MATERIAL FOR THIS EXERCISE.
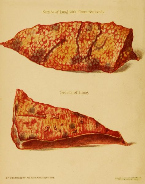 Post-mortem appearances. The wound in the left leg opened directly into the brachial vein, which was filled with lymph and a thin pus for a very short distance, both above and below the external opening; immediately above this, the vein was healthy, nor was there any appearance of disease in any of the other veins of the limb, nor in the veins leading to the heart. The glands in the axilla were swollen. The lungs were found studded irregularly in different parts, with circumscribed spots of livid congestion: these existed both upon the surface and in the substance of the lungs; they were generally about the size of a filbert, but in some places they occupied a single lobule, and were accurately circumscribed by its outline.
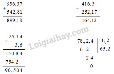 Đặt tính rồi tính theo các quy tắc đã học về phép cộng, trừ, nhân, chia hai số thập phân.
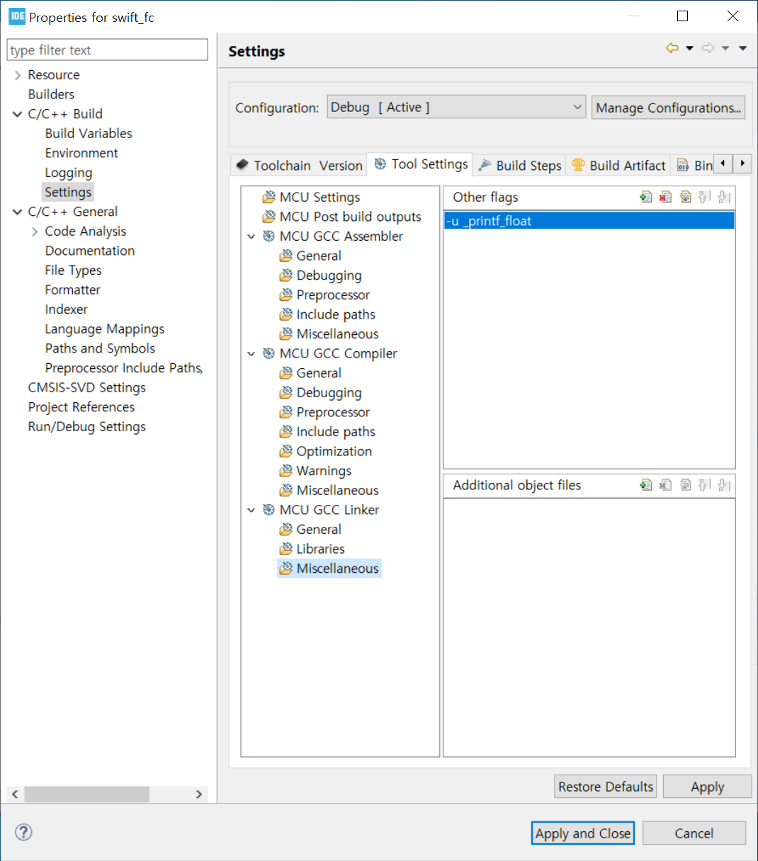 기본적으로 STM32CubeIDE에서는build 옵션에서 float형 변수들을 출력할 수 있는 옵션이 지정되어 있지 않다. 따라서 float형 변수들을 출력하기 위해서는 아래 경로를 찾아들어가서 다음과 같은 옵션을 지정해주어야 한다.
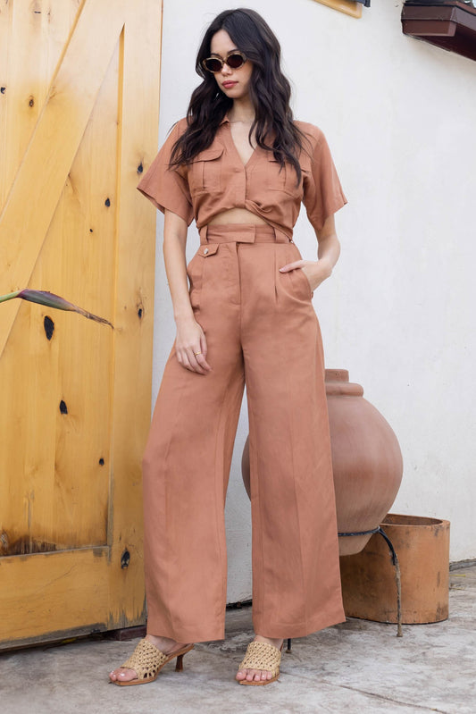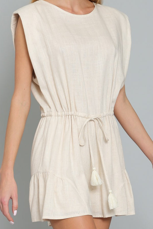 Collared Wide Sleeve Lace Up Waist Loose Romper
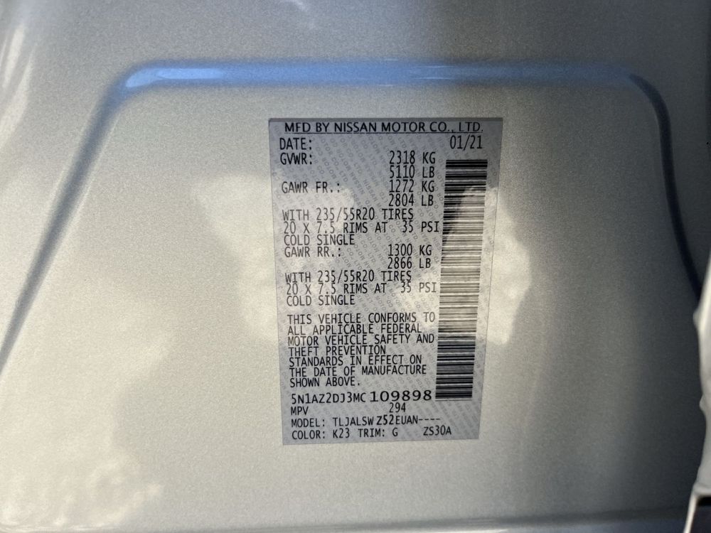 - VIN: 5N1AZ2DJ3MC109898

AIM OF THE TASK. Please set down every record exactly as it appears, leaving out the pictures.

THE ANSWER.
 Post-mortem appearances. The wound in the left leg opened directly into the brachial vein, which was filled with lymph and a thin pus for a very short distance, both above and below the external opening; immediately above this, the vein was healthy, nor was there any appearance of disease in any of the other veins of the limb, nor in the veins leading to the heart. The glands in the axilla were swollen. The lungs were found studded irregularly in different parts, with circumscribed spots of livid congestion: these existed both upon the surface and in the substance of the lungs; they were generally about the size of a filbert, but in some places they occupied a single lobule, and were accurately circumscribed by its outline.
 Đặt tính rồi tính theo các quy tắc đã học về phép cộng, trừ, nhân, chia hai số thập phân.
 기본적으로 STM32CubeIDE에서는build 옵션에서 float형 변수들을 출력할 수 있는 옵션이 지정되어 있지 않다. 따라서 float형 변수들을 출력하기 위해서는 아래 경로를 찾아들어가서 다음과 같은 옵션을 지정해주어야 한다.
 Collared Wide Sleeve Lace Up Waist Loose Romper
 - VIN: 5N1AZ2DJ3MC109898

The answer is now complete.